(Records drawn from a dataset)

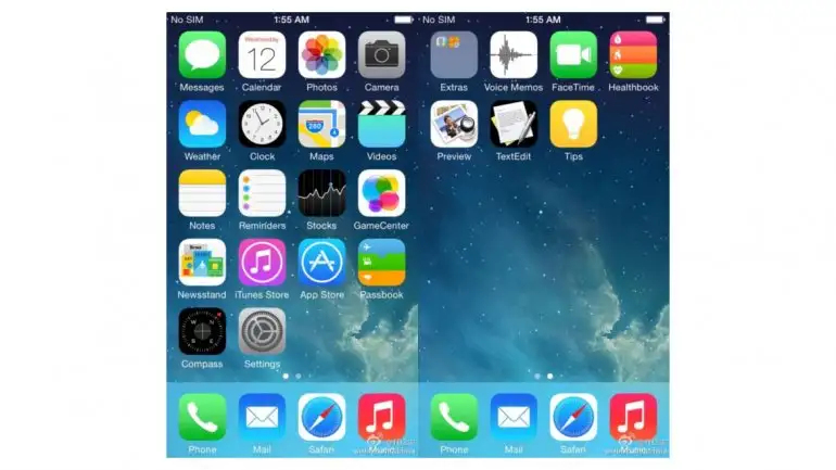 Las capturas, publicadas por 9to5Mac, no muestran grandes diferencias con iOS 7 (la versión actual de la plataforma) a primera vista. Pero al analizar los íconos en una de las fotos, se ve que se incluyen aplicaciones que actualmente no están en el sistema operativo: Healthbook, Preview, TextEdit y Tips.
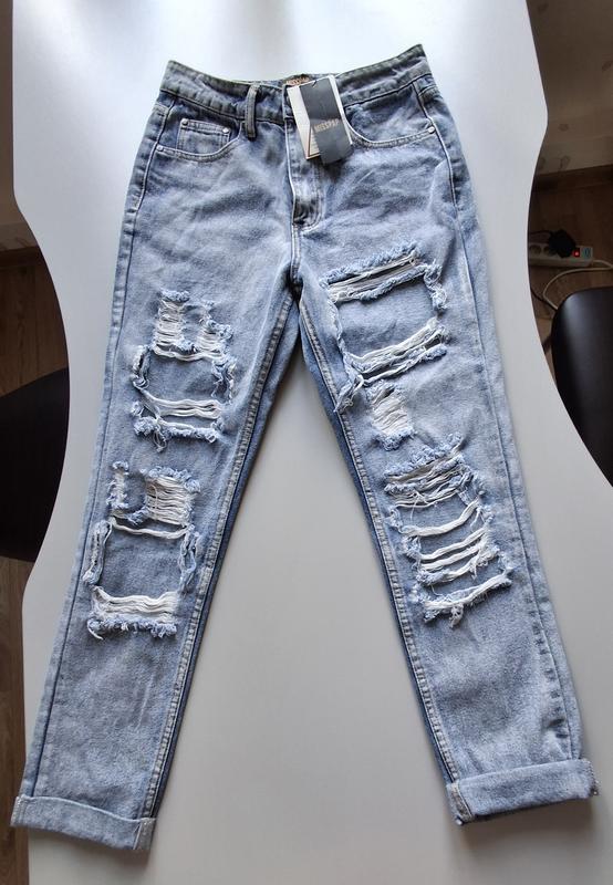 Стильные рваные джинсы от Misspap Джинс плотный, не тянется Состав: 100% хлопок Размер S Замеры: Длина - 98см Крок - 69см ПОпояс - 38,5см ПОБ - 47см Посадка - 30/40см Ширина штанини верх - 29,5см Ширина штанини по низу - 15,5см Цвет - голубой Новые, с биркой
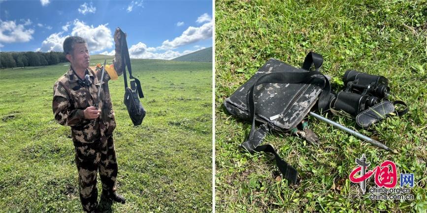 王玉發(fā)放牧巡邊時帶的“裝備包”,里面裝著望遠鏡、錐子、鉗子。中國網(wǎng)記者 吳佳潼 攝
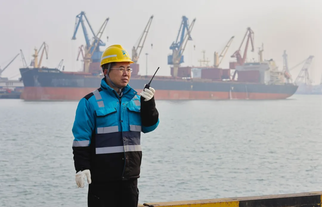 成衞(wei)東在(zai)天津(jin)港(gang)碼(ma)頭(tou)前(qian)指(zhi)揮(hui)生産
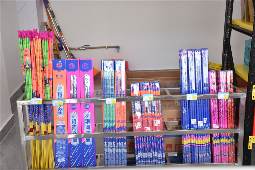 “我们公司目前有45个销售点,主要热销线香类、手持类、小型烟花类产品,因为这些产品燃放时间长、噪音小、效果好,所以小朋友和大人都比较喜欢。”丽江新安烟花爆竹连锁二分店店长黄红霞介绍说,“与往年相比,去年的烟花爆竹销售量是有明显上涨的,不同产品也更新了很多,价格几乎没有涨落,预计今年与去年持平。”
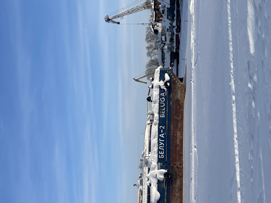 The image depicts a winter scene at what appears to be the Perm River Port on the Kama River in Perm, Russia. A large, blue-hulled cargo vessel, identified by the Cyrillic and Latin script "БЕЛУГА-2 BELUGA" on its side, occupies the left and central foreground. The vessel's hull shows rust-brown discoloration below its blue upper section, and its deck and upper structures are heavily covered in thick white snow. The entire foreground consists of a flat expanse of deep white snow, obscuring any visible water. Faint, parallel tracks are discernible in the snow in the immediate foreground. In the mid-ground and background, multiple other vessels of various sizes, similarly blanketed in snow, are moored or dry-docked. Several industrial cranes, including a prominent lattice-boom crane on the far right, are visible among the vessels and against the horizon. Bare trees line the distant shoreline. The sky above is clear and bright blue, with minimal, wispy white clouds. No people or active operations are visible in the scene.
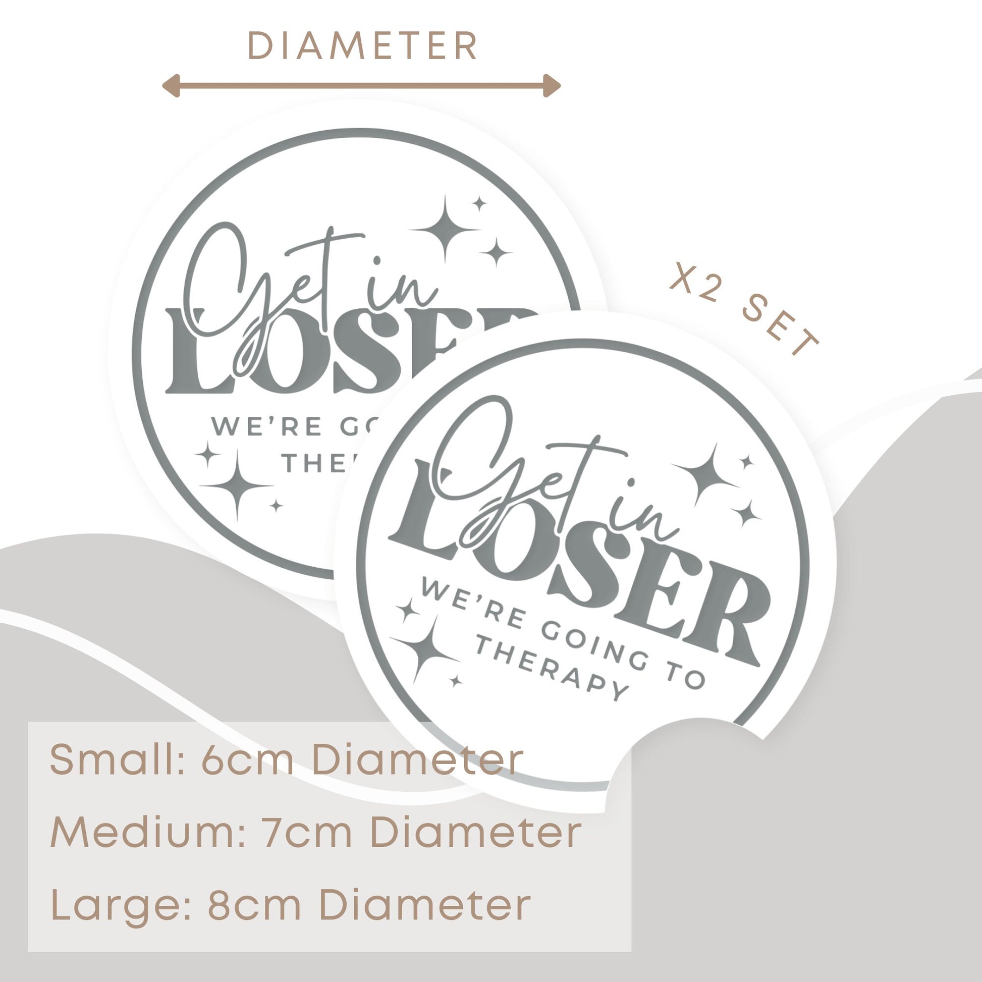 Revamp your car‘s interior with a touch of humor and style using our Car Coasters Set! This set includes two quirky acrylic coasters, each engraved with the statement phrase, "Get In Loser, We‘re Going to Therapy". Perfect for those who embrace a bit of humour as they embark on their therapeutic journey.
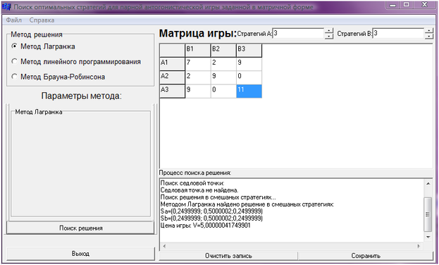 Вывести формулы метода Лагранжа для игры G(3x3). Найти решение парной антагонистической игры G(3х3) используя выведенные формулы для метода Лагранжа. Проверить полученный результат при помощи программного средства.
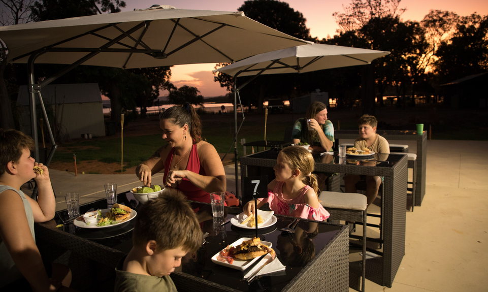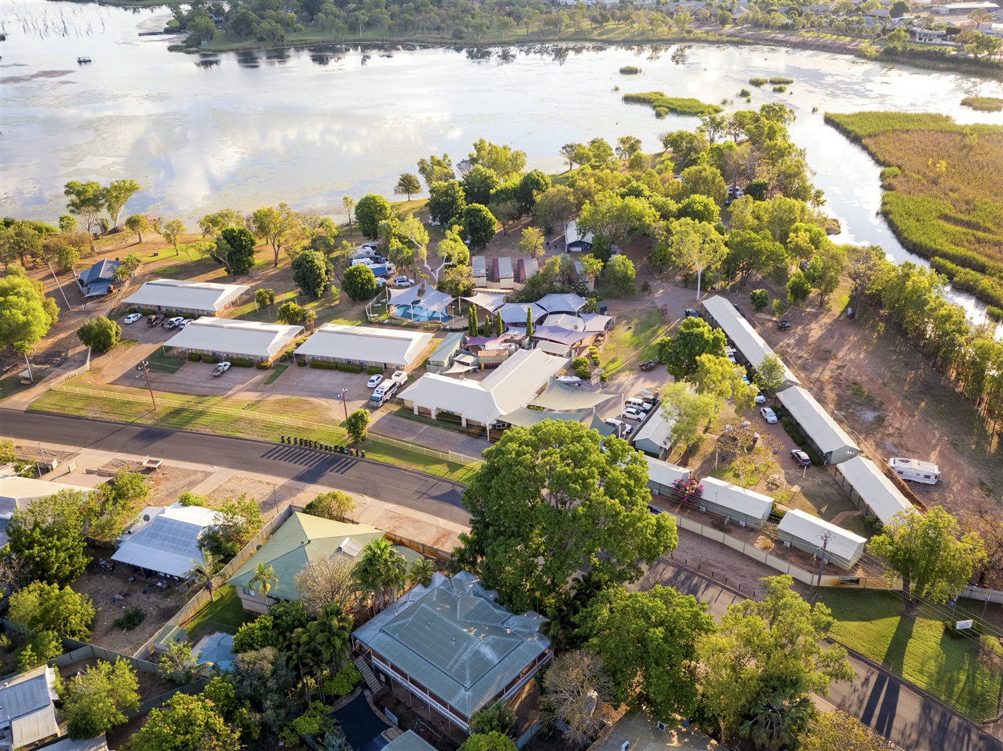 Aboriginal owned and operated, Lily Lagoon Resort welcomes all travellers. Located on the banks of the picturesque Lily Creek Lagoon, this Kununurra caravan park is perfectly placed within one of the most spectacular locations in Western Australia’s Kimberley Region, Kununurra. Dine with us at our outback style restaurant, café by the pool, or utilise our outdoor seating areas and BBQ facilities by the lagoon. In the lagoon located at the back of the property we have freshwater crocodiles that you will see if you’re quiet and patient. Stay under the stars in our campground, or in comfortable accommodation. Relax around a campfire, share stories with other guests, or hear tales from our Traditional Owners of unique Kimberley experiences. Located just 2.5km from the town centre, Lily Lagoon Resort is a 15-minute walk from town, and only a short 5-minute drive from Kununurra airport. Lily Lagoon Resort is an ideal place to stay to soak up the incredible beauty of one of the earth’s oldest landscapes. Whether you’re travelling for business, pleasure, or pursuing adventures across the Kimberley, you’ll find the perfect retreat at Lily Lagoon Resort. Your perfect place to stay is waiting for you.
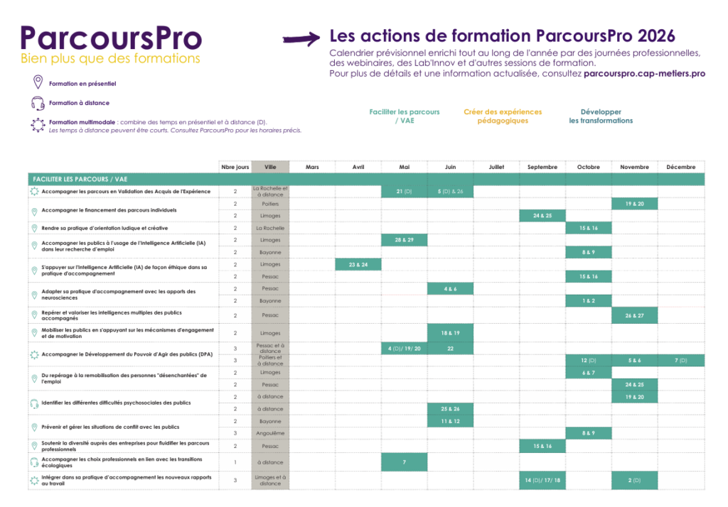 La programmation 2026 poursuit cette ambition : renforcer vos compétences métiers et transverses, outiller vos pratiques professionnelles face aux enjeux régionaux et sociétaux et encourager l’innovation pédagogique.
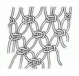 14. Еще распространенный узор, брида наклонная. Для того чтобы добиться такого эффекта, достаточно всего лишь первую нить повести не ровно, а под углом, и зафиксировать это положение булавкой. На фото показано несколько рядов таких узлов. Брида позволяет выполнять разные геометрические узоры.
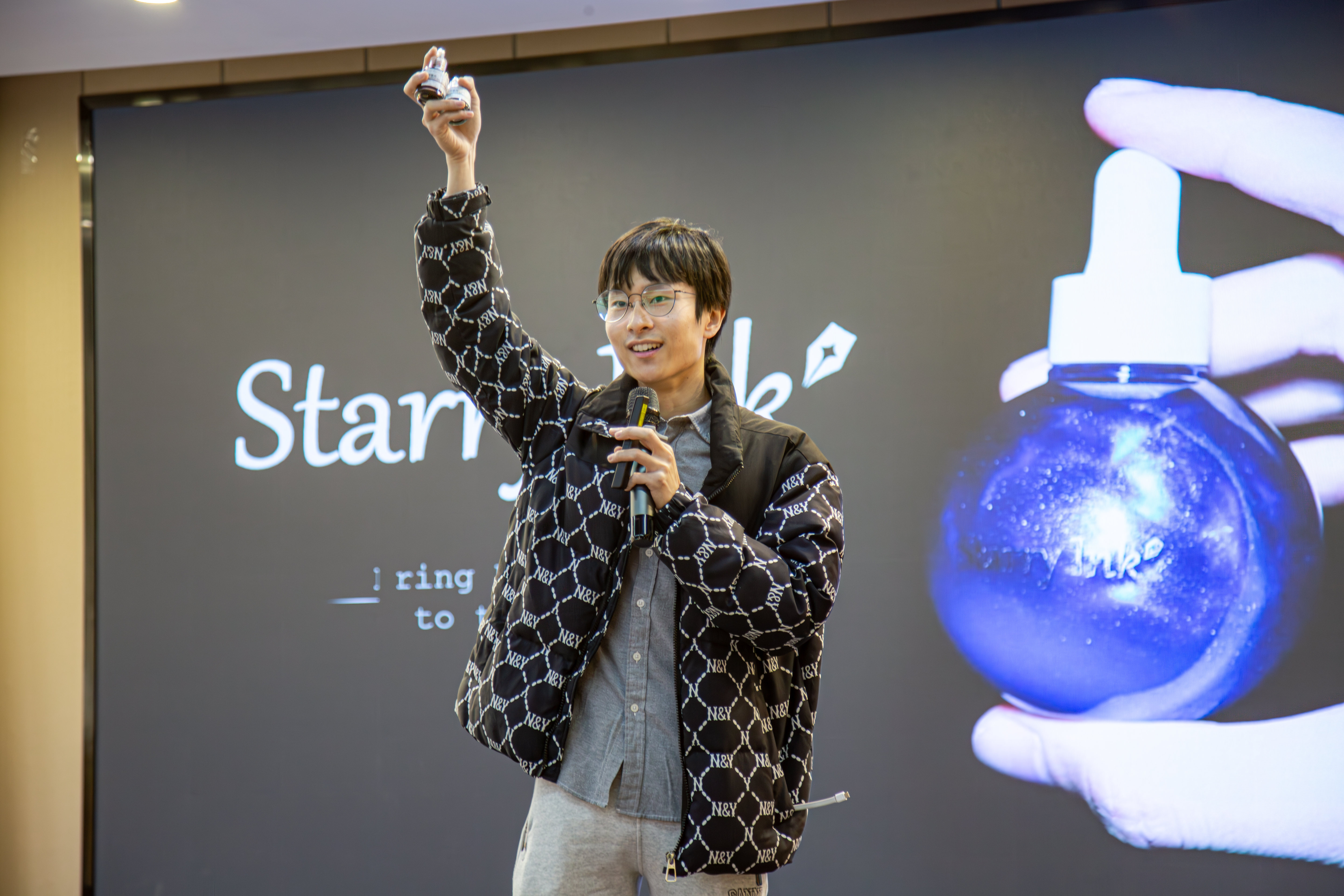 首场讲座以校友创业分享启幕。学院2015级校友、星墨StarryInk品牌创始人余昊源以“让世界‘写’满中国色彩:墨水品牌的创新与破圈”为题,讲述从校园实验室到国际市场的创业历程。他通过展示产品研发手稿、海外参展影像等资料,复盘企业战略转型路径,重点解析荣获国际奖项的“冷萃墨水系列”(Cold Brew Ink)如何将植物染料萃取技术与现代美学结合,开创墨水制造新范式,打造文化输出创新样本。余昊源还从创业者视角,为在校生梳理职业发展路径与团队分工逻辑,并针对创业初期关键问题提供实操建议,激发学生对创新与品牌国际化的深层思考。

WHAT YOU WILL DO
An exact copy of every line above, minus the pictures, is the required output.

RESULT OF THIS EXERCISE
 Las capturas, publicadas por 9to5Mac, no muestran grandes diferencias con iOS 7 (la versión actual de la plataforma) a primera vista. Pero al analizar los íconos en una de las fotos, se ve que se incluyen aplicaciones que actualmente no están en el sistema operativo: Healthbook, Preview, TextEdit y Tips.
 Стильные рваные джинсы от Misspap Джинс плотный, не тянется Состав: 100% хлопок Размер S Замеры: Длина - 98см Крок - 69см ПОпояс - 38,5см ПОБ - 47см Посадка - 30/40см Ширина штанини верх - 29,5см Ширина штанини по низу - 15,5см Цвет - голубой Новые, с биркой
 王玉發(fā)放牧巡邊時帶的“裝備包”,里面裝著望遠鏡、錐子、鉗子。中國網(wǎng)記者 吳佳潼 攝
 成衞(wei)東在(zai)天津(jin)港(gang)碼(ma)頭(tou)前(qian)指(zhi)揮(hui)生産
 “我们公司目前有45个销售点,主要热销线香类、手持类、小型烟花类产品,因为这些产品燃放时间长、噪音小、效果好,所以小朋友和大人都比较喜欢。”丽江新安烟花爆竹连锁二分店店长黄红霞介绍说,“与往年相比,去年的烟花爆竹销售量是有明显上涨的,不同产品也更新了很多,价格几乎没有涨落,预计今年与去年持平。”
 The image depicts a winter scene at what appears to be the Perm River Port on the Kama River in Perm, Russia. A large, blue-hulled cargo vessel, identified by the Cyrillic and Latin script "БЕЛУГА-2 BELUGA" on its side, occupies the left and central foreground. The vessel's hull shows rust-brown discoloration below its blue upper section, and its deck and upper structures are heavily covered in thick white snow. The entire foreground consists of a flat expanse of deep white snow, obscuring any visible water. Faint, parallel tracks are discernible in the snow in the immediate foreground. In the mid-ground and background, multiple other vessels of various sizes, similarly blanketed in snow, are moored or dry-docked. Several industrial cranes, including a prominent lattice-boom crane on the far right, are visible among the vessels and against the horizon. Bare trees line the distant shoreline. The sky above is clear and bright blue, with minimal, wispy white clouds. No people or active operations are visible in the scene.
 Revamp your car‘s interior with a touch of humor and style using our Car Coasters Set! This set includes two quirky acrylic coasters, each engraved with the statement phrase, "Get In Loser, We‘re Going to Therapy". Perfect for those who embrace a bit of humour as they embark on their therapeutic journey.
 Вывести формулы метода Лагранжа для игры G(3x3). Найти решение парной антагонистической игры G(3х3) используя выведенные формулы для метода Лагранжа. Проверить полученный результат при помощи программного средства.
 Aboriginal owned and operated, Lily Lagoon Resort welcomes all travellers. Located on the banks of the picturesque Lily Creek Lagoon, this Kununurra caravan park is perfectly placed within one of the most spectacular locations in Western Australia’s Kimberley Region, Kununurra. Dine with us at our outback style restaurant, café by the pool, or utilise our outdoor seating areas and BBQ facilities by the lagoon. In the lagoon located at the back of the property we have freshwater crocodiles that you will see if you’re quiet and patient. Stay under the stars in our campground, or in comfortable accommodation. Relax around a campfire, share stories with other guests, or hear tales from our Traditional Owners of unique Kimberley experiences. Located just 2.5km from the town centre, Lily Lagoon Resort is a 15-minute walk from town, and only a short 5-minute drive from Kununurra airport. Lily Lagoon Resort is an ideal place to stay to soak up the incredible beauty of one of the earth’s oldest landscapes. Whether you’re travelling for business, pleasure, or pursuing adventures across the Kimberley, you’ll find the perfect retreat at Lily Lagoon Resort. Your perfect place to stay is waiting for you.
 La programmation 2026 poursuit cette ambition : renforcer vos compétences métiers et transverses, outiller vos pratiques professionnelles face aux enjeux régionaux et sociétaux et encourager l’innovation pédagogique.
 14. Еще распространенный узор, брида наклонная. Для того чтобы добиться такого эффекта, достаточно всего лишь первую нить повести не ровно, а под углом, и зафиксировать это положение булавкой. На фото показано несколько рядов таких узлов. Брида позволяет выполнять разные геометрические узоры.
 首场讲座以校友创业分享启幕。学院2015级校友、星墨StarryInk品牌创始人余昊源以“让世界‘写’满中国色彩:墨水品牌的创新与破圈”为题,讲述从校园实验室到国际市场的创业历程。他通过展示产品研发手稿、海外参展影像等资料,复盘企业战略转型路径,重点解析荣获国际奖项的“冷萃墨水系列”(Cold Brew Ink)如何将植物染料萃取技术与现代美学结合,开创墨水制造新范式,打造文化输出创新样本。余昊源还从创业者视角,为在校生梳理职业发展路径与团队分工逻辑,并针对创业初期关键问题提供实操建议,激发学生对创新与品牌国际化的深层思考。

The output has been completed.